Owen accepted the answer because Owen was decent, and decent people made life easier by not digging into every suspicious pause.

Cyrus took out his notebook.

He had no intention of telling Owen what had happened. Owen would worry. Owen might get angry. Owen might even try to help.

Sincere people could create trouble for the same reason dangerous people did. They acted like consequences were better than leaving something alone.

Audra might be worth telling, though.

If she learned that her tutoring had brought him trouble, maybe she would stop. Maybe she would become more careful. Maybe she would understand that pulling an invisible person into her orbit came with a cost.

Cyrus looked toward the front of the room.

Audra had just turned back around.

For the brief instant before she faced forward completely, he caught the fall of her hair over her shoulder and the composed line of her profile. Once she settled again, she looked as calm as ever.

Half the class noticed anyway.

Audra did not need to do anything.
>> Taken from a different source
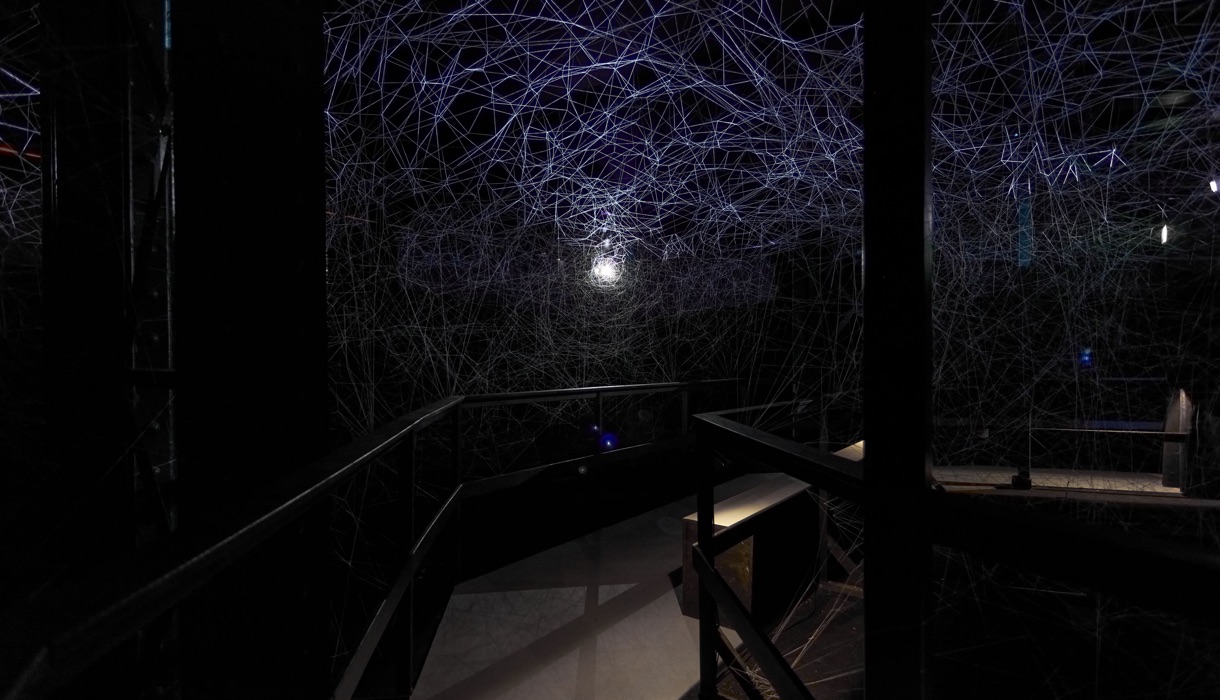 Yasuhiro Chida műve egy olyan immerzív környezetet hoz létre, ahol a teret betöltő milliónyi apró fénycsík és fénypont a háromdimenziós tér másfajta érzékelését teszi lehetővé.

Attention collected around her on its own, and anyone standing too close to that attention would get dragged into it.

Cyrus lowered his eyes to his notebook.

There were already plenty of reasons to avoid beautiful women. Today had handed him another one.

The afternoon classes passed with less suffering than usual. Cyrus could follow most of the lesson, which counted as progress by his standards. The teacher’s voice did not blur as badly. The numbers on the board stayed connected to the explanation instead of turning into punishment. He still missed pieces, but missing pieces was better than losing the entire thing.

When the final bell rang, Friday noise filled the classroom. Chairs scraped back. Bags zipped. People started talking before the teacher finished reminding them about homework.

Cyrus waited before standing.

There was no need to leave at the same time as Miles or the other boy. Avoiding a pointless second confrontation was not fear. It was efficient.

Once the doorway cleared, he packed his books and headed upstairs as usual.

The fourth-floor classroom waited at the end of the hall.